Exercise aim:
Every line of the records must be repeated exactly; pictures stay out.

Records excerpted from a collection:

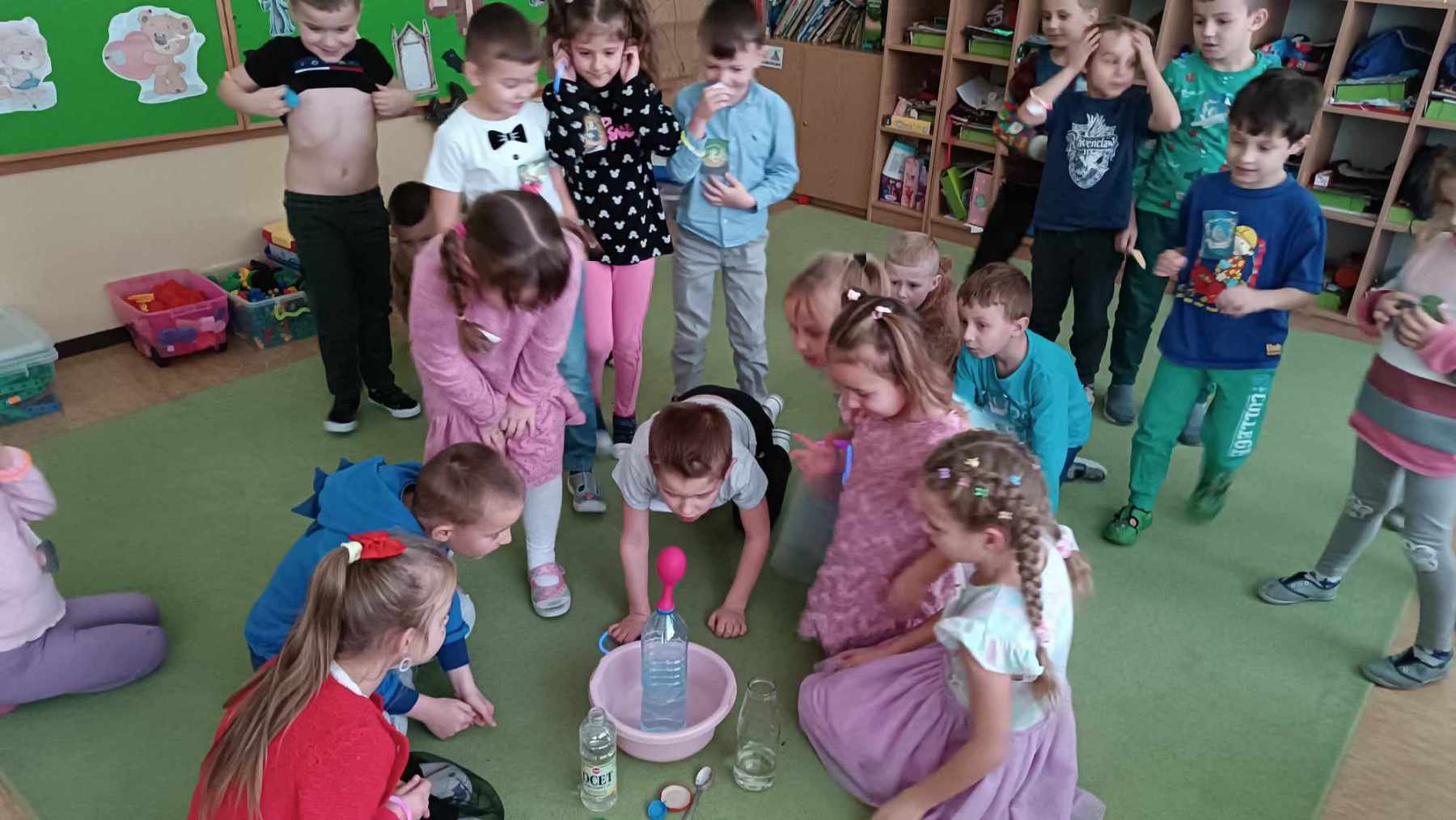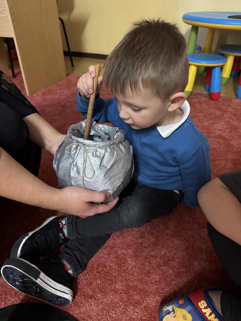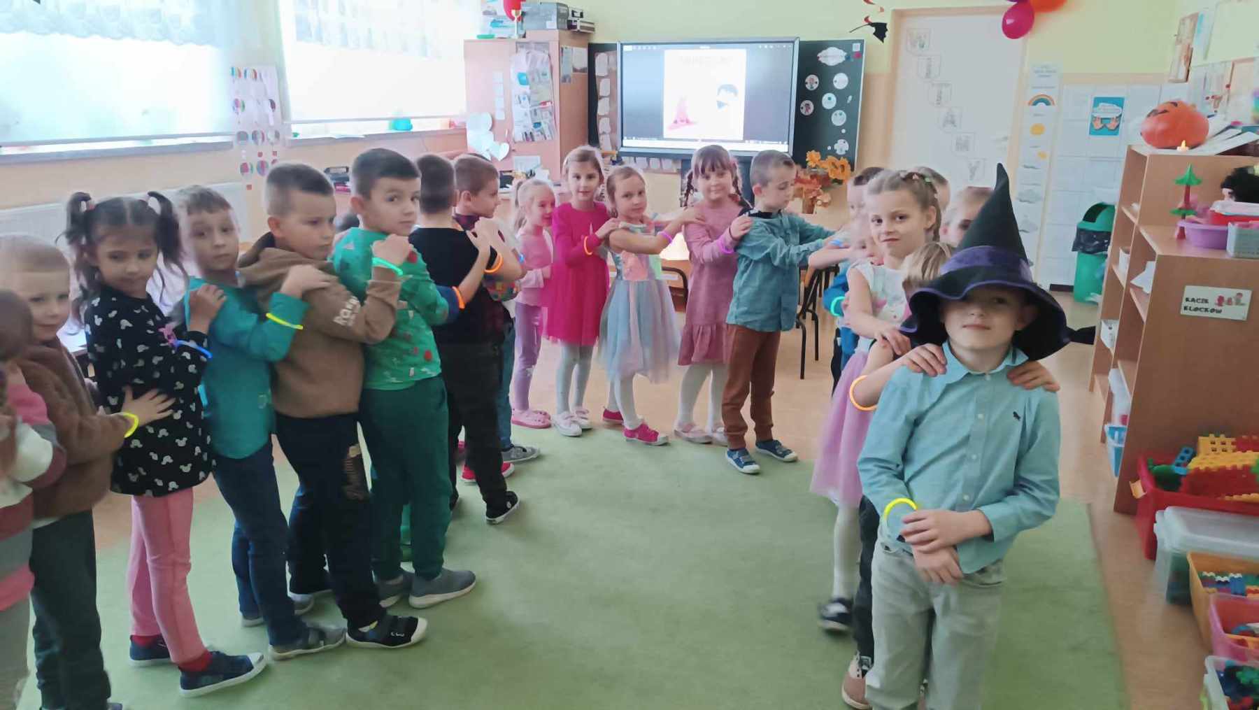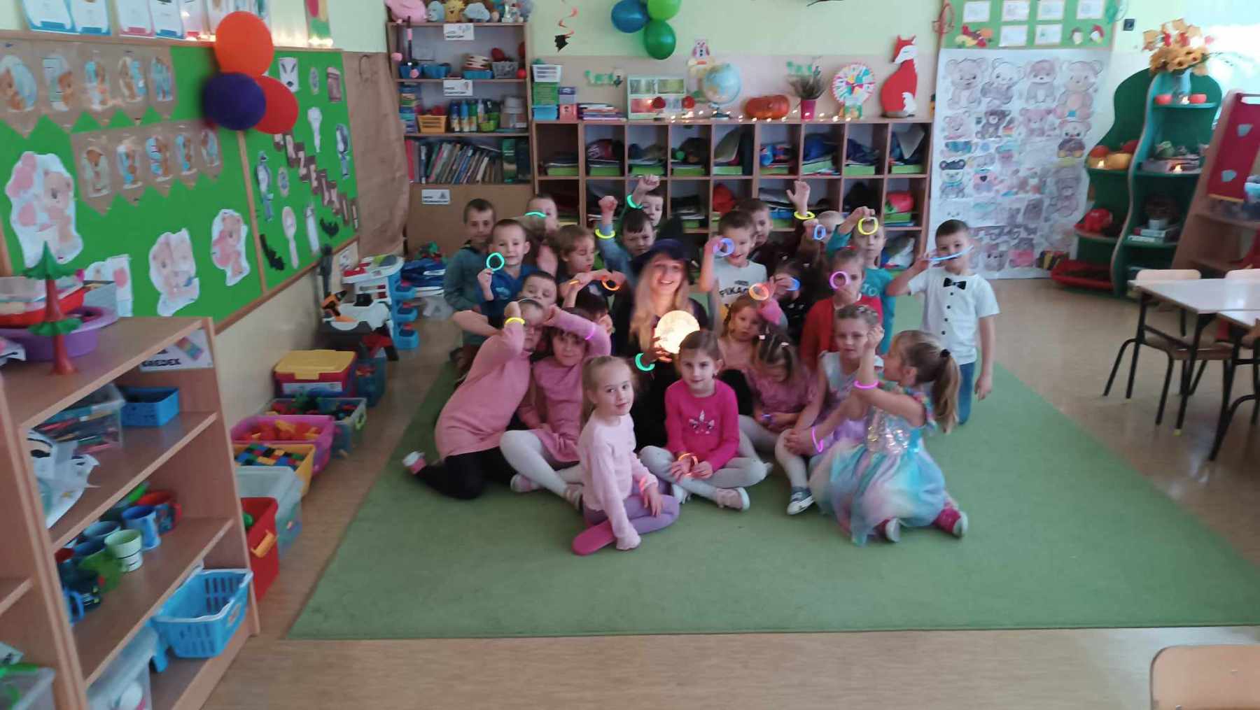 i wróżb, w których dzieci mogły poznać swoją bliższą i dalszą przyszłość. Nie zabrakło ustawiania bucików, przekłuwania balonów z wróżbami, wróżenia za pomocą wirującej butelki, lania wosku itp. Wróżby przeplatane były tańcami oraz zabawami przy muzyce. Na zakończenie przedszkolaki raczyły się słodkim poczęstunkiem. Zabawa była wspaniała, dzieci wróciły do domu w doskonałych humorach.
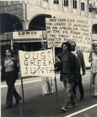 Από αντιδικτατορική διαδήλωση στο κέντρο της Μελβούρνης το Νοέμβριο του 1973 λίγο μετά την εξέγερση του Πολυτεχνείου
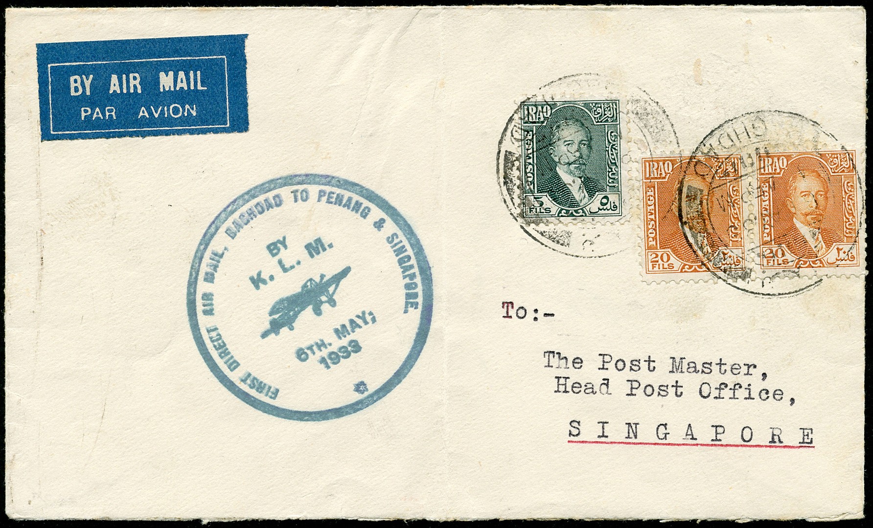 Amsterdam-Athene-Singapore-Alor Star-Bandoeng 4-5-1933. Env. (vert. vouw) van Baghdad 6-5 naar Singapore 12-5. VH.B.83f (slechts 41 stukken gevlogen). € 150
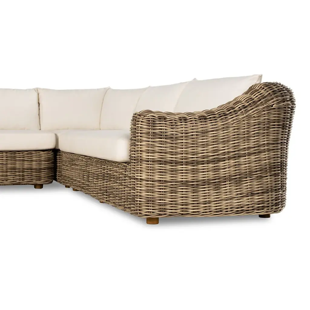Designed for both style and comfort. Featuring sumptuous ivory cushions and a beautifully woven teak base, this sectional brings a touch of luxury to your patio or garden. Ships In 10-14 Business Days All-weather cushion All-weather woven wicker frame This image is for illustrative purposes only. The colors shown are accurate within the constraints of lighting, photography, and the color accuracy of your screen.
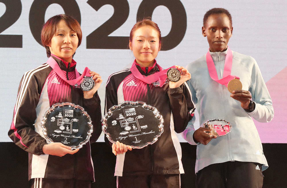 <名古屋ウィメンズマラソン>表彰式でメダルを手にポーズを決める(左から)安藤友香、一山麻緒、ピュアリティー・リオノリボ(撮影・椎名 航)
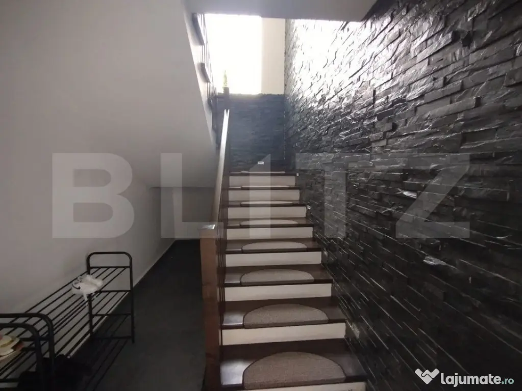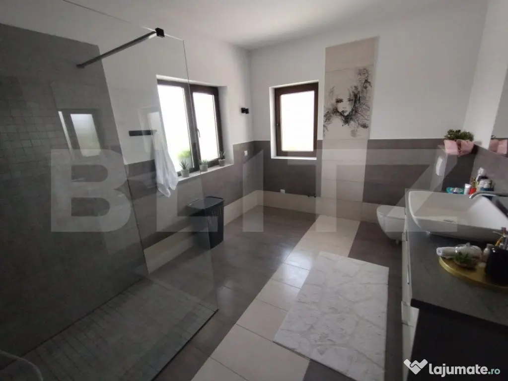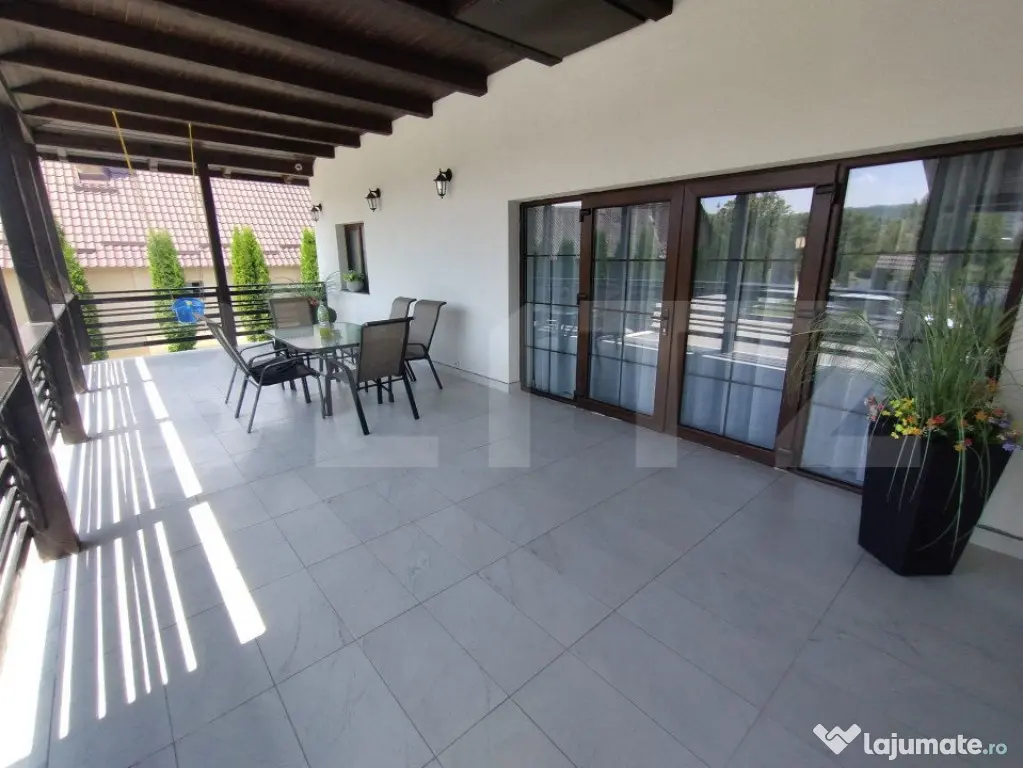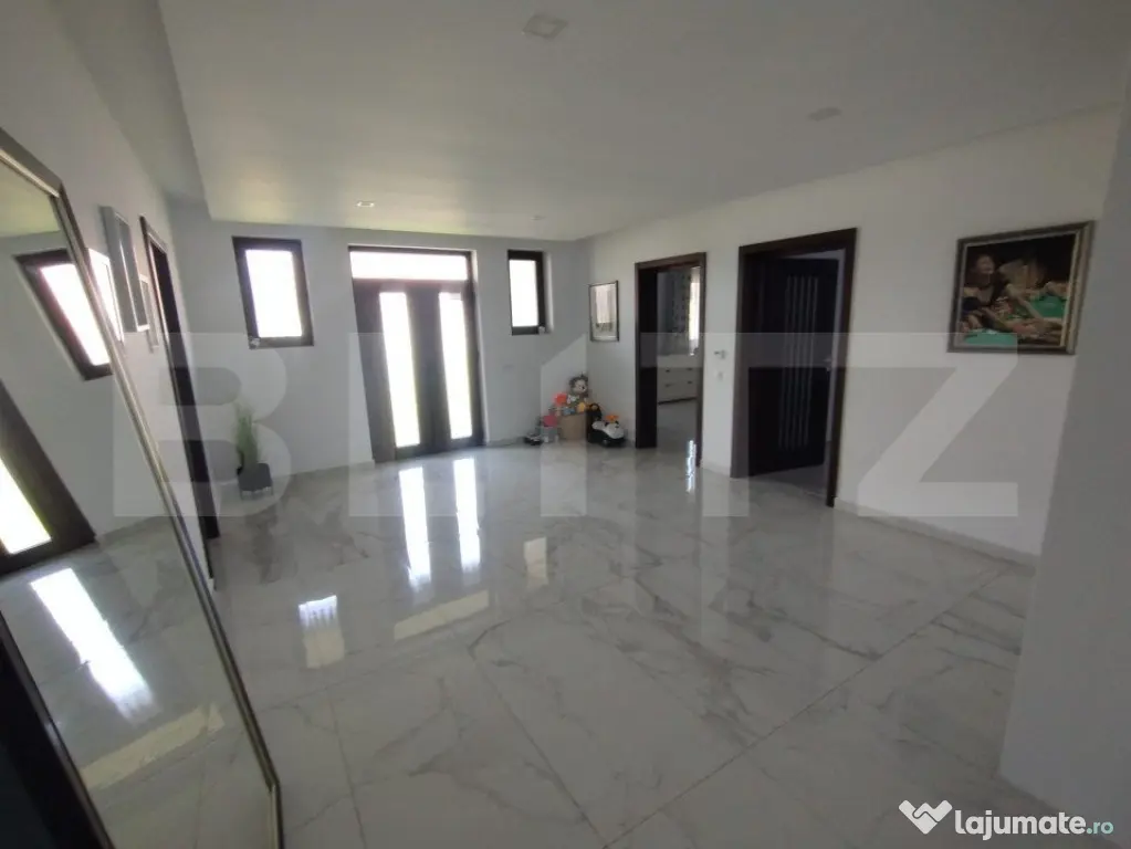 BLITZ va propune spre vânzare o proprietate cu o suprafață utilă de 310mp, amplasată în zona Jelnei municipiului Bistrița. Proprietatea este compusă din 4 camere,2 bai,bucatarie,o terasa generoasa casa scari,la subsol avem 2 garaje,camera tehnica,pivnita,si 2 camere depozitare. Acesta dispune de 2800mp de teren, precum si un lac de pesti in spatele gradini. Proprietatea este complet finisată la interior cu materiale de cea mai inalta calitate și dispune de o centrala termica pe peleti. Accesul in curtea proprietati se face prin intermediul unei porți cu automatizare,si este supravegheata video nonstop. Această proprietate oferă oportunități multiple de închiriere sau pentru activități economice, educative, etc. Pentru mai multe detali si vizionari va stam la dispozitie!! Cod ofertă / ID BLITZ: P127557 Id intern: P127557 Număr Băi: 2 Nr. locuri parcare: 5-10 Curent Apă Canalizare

Exercise result:
 i wróżb, w których dzieci mogły poznać swoją bliższą i dalszą przyszłość. Nie zabrakło ustawiania bucików, przekłuwania balonów z wróżbami, wróżenia za pomocą wirującej butelki, lania wosku itp. Wróżby przeplatane były tańcami oraz zabawami przy muzyce. Na zakończenie przedszkolaki raczyły się słodkim poczęstunkiem. Zabawa była wspaniała, dzieci wróciły do domu w doskonałych humorach.
 Από αντιδικτατορική διαδήλωση στο κέντρο της Μελβούρνης το Νοέμβριο του 1973 λίγο μετά την εξέγερση του Πολυτεχνείου
 Amsterdam-Athene-Singapore-Alor Star-Bandoeng 4-5-1933. Env. (vert. vouw) van Baghdad 6-5 naar Singapore 12-5. VH.B.83f (slechts 41 stukken gevlogen). € 150
Designed for both style and comfort. Featuring sumptuous ivory cushions and a beautifully woven teak base, this sectional brings a touch of luxury to your patio or garden. Ships In 10-14 Business Days All-weather cushion All-weather woven wicker frame This image is for illustrative purposes only. The colors shown are accurate within the constraints of lighting, photography, and the color accuracy of your screen.
 <名古屋ウィメンズマラソン>表彰式でメダルを手にポーズを決める(左から)安藤友香、一山麻緒、ピュアリティー・リオノリボ(撮影・椎名 航)
 BLITZ va propune spre vânzare o proprietate cu o suprafață utilă de 310mp, amplasată în zona Jelnei municipiului Bistrița. Proprietatea este compusă din 4 camere,2 bai,bucatarie,o terasa generoasa casa scari,la subsol avem 2 garaje,camera tehnica,pivnita,si 2 camere depozitare. Acesta dispune de 2800mp de teren, precum si un lac de pesti in spatele gradini. Proprietatea este complet finisată la interior cu materiale de cea mai inalta calitate și dispune de o centrala termica pe peleti. Accesul in curtea proprietati se face prin intermediul unei porți cu automatizare,si este supravegheata video nonstop. Această proprietate oferă oportunități multiple de închiriere sau pentru activități economice, educative, etc. Pentru mai multe detali si vizionari va stam la dispozitie!! Cod ofertă / ID BLITZ: P127557 Id intern: P127557 Număr Băi: 2 Nr. locuri parcare: 5-10 Curent Apă Canalizare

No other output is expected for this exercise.